======== Dataset extract ========
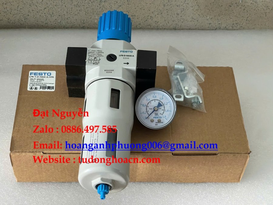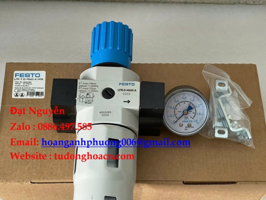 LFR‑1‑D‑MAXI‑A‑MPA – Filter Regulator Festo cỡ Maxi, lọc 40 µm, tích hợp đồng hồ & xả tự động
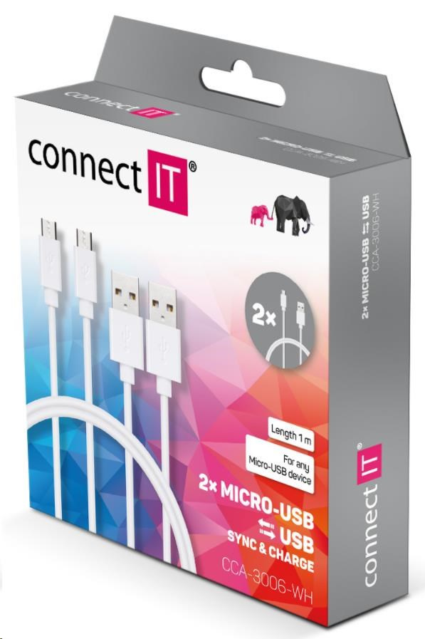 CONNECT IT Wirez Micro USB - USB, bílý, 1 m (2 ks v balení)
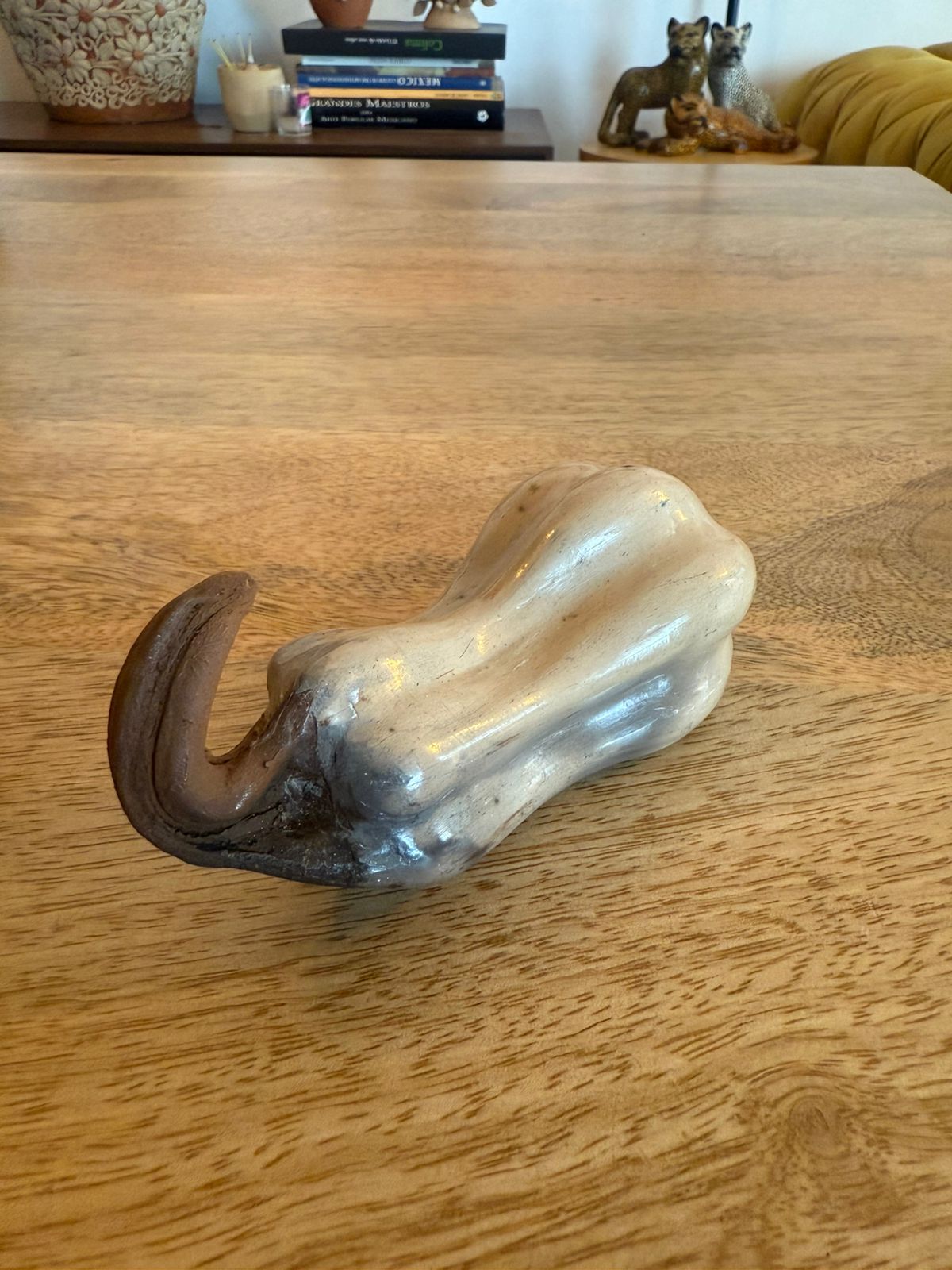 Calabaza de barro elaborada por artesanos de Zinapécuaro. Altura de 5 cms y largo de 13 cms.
========
◆ Task brief
An exact copy of the whole listing is required, minus the pictures.

◆ Written response
 LFR‑1‑D‑MAXI‑A‑MPA – Filter Regulator Festo cỡ Maxi, lọc 40 µm, tích hợp đồng hồ & xả tự động
 CONNECT IT Wirez Micro USB - USB, bílý, 1 m (2 ks v balení)
 Calabaza de barro elaborada por artesanos de Zinapécuaro. Altura de 5 cms y largo de 13 cms.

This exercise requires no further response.